Because this particular transcript is 100 words long, the resulting dataframe includes 100 observations, where the first engram contains the first 50 words, the second includes the 2nd through 51st words, and so on. Instead, I would like the split the transcript into non-overlapping ngrams. In the above example, I want a dataframe with two observations where the first includes an ngram with words 1-50 and the second observations includes an ngram with words 51-100.


Solution

  • One option open to you is to tokenize to single words and then concatenate back up to the chunks you are interested in. This might be a better fit, because n-gram tokenization does by definition overlap.

    library(tidyverse)
    library(tidytext)
    
    content <- tibble(channel = c("NBC"), 
                      program = c("A"), 
                      transcript = c("This is a rather unusual glossary in that all of the words on the list are essentially synonymous - they are nouns meaning nonsense, gibberish, claptrap, hogwash, rubbish ... you get the idea. It probably shouldn't be surprising that this category is so productive of weird words. After all, what better way to disparage someone's ideas than to combine some nonsense syllables to make a descriptor for them? You more or less always can identify their meaning from context alone - either they're used as interjections, preceded by words like 'such' or 'unadulterated' or 'ridiculous'. But which to choose? You have the reduplicated ones (fiddle-faddle), the pseudo-classical (brimborion), the ones that literally mean something repulsive (spinach), and of course the wide variety that are euphemisms for bodily functions.
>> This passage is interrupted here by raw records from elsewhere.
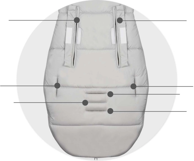 Ouverture par le haut et par le bas pour l’aération et un accès facile. La chancelière peut être entièrement ouverte et utilisée comme assise/liner de poussette – une flexibilité maximale tout au long de la saison.
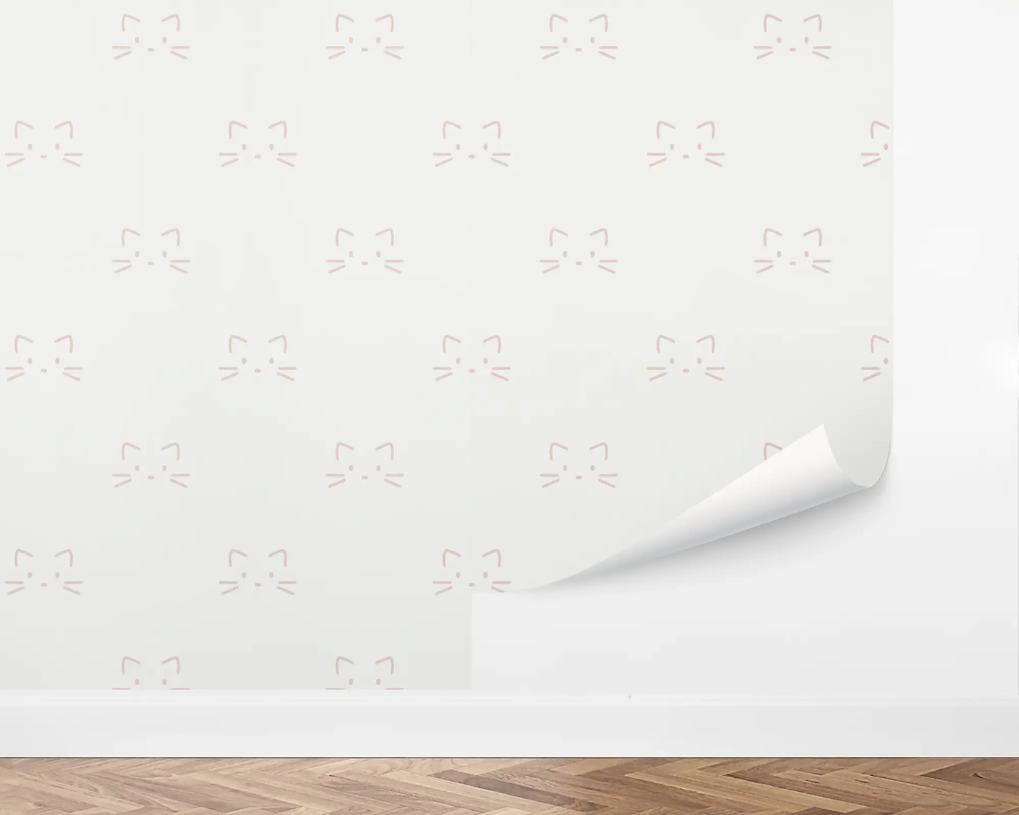 Create the playroom or nursery of your dreams with our Cute Kitty Peel and Stick Wallpaper. This adorable design features simple, minimalist kitten faces drawn over a light background. Fully customizable with any of our colors, this wallpaper is perfect for any of your little ones.
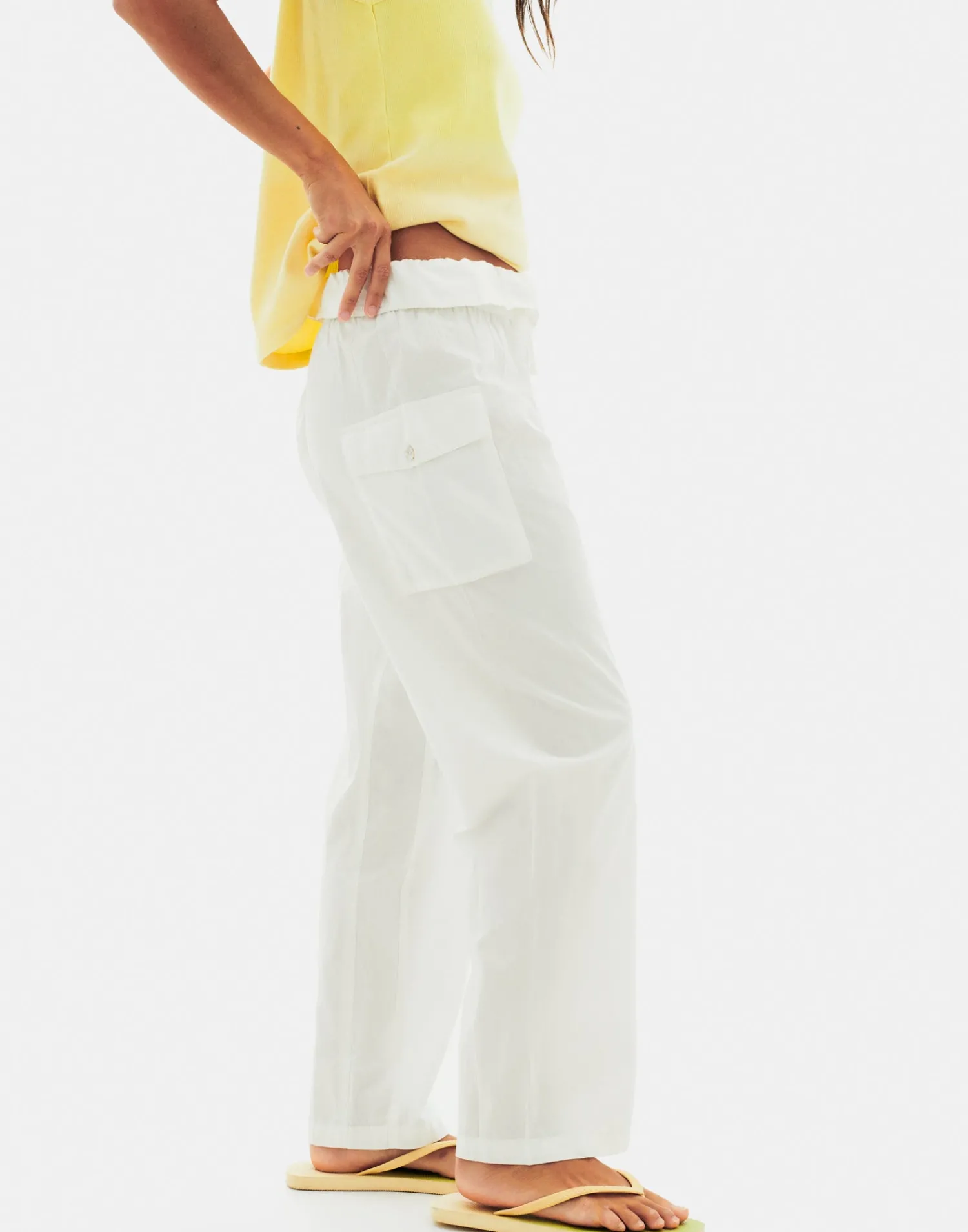 Pantalón cargo de corte relajado, con cintura elástica y bolsillos de plastrón. Inspirados en los pantalones Thai.
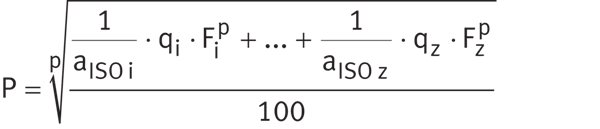 | p | - | 壽命指數;對于滾子軸承:p=10/3,對于滾珠軸承:p=3 |
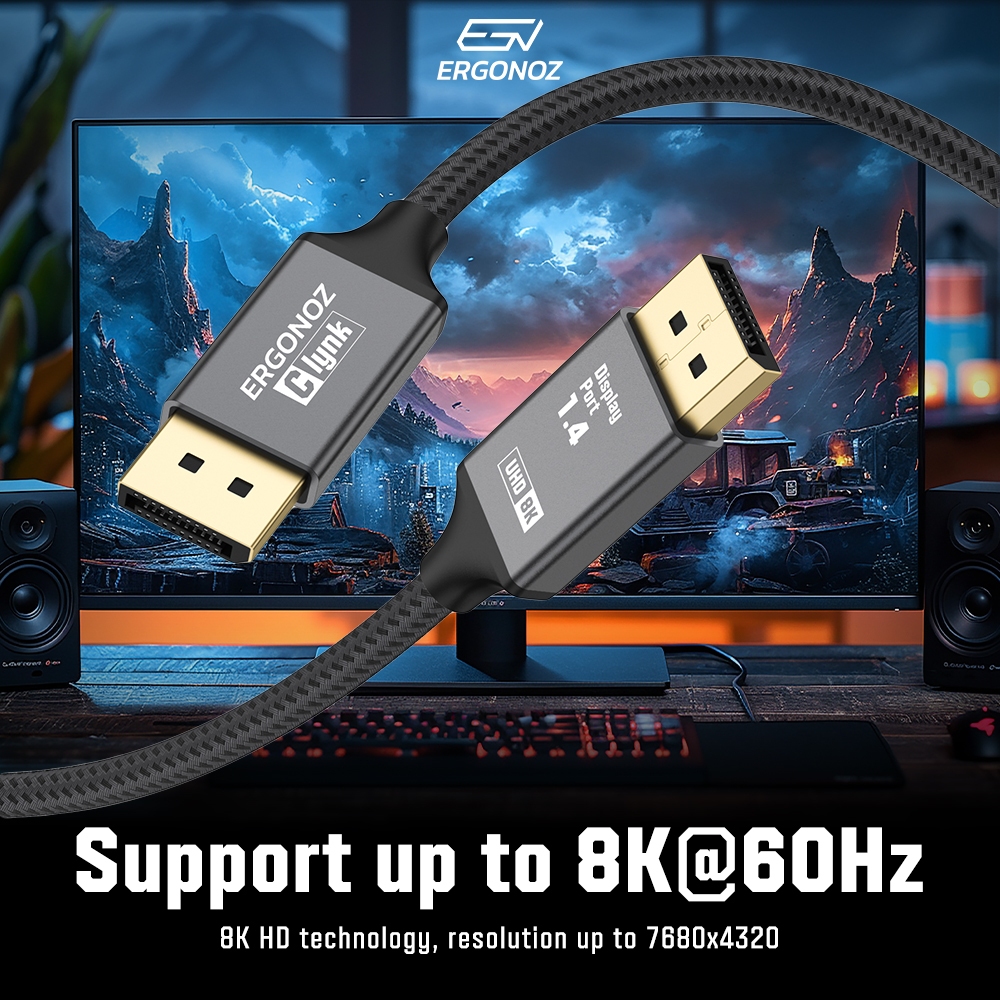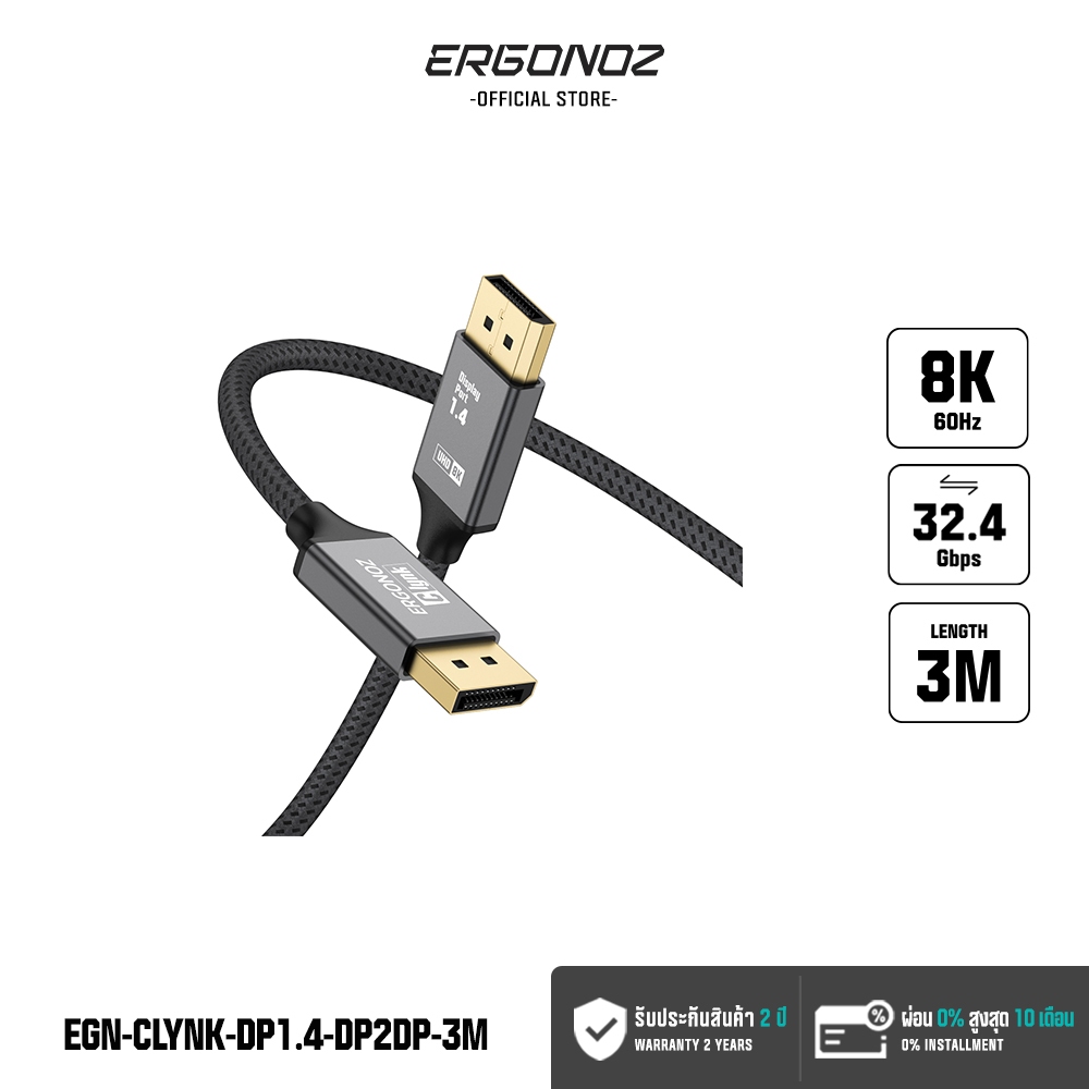 ERGONOZ Clynk (DP1.4) Display Port DP to DP Cable ความละเอียดภาพสูงสุด UHD 8K@60Hz สายถัก ยาว 2M 3M

Excluded from this list are the wide variety of very fun terms that are simple vulgarities without any specific reference to nonsense."))
    
    content %>%
      unnest_tokens(output = sentence, 
                    input = transcript) %>%
      group_by(channel, program, observation = row_number() %/% 100) %>%
      summarise(sentence = str_c(sentence, collapse = " ")) %>%
      ungroup
    
    #> # A tibble: 2 x 4
    #>   channel program observation sentence                                     
    #>   <chr>   <chr>         <dbl> <chr>                                        
    #> 1 NBC     A                 0 this is a rather unusual glossary in that al…
    #> 2 NBC     A                 1 reduplicated ones fiddle faddle the pseudo c…
    

    Created on 2019-12-13 by the reprex package (v0.3.0)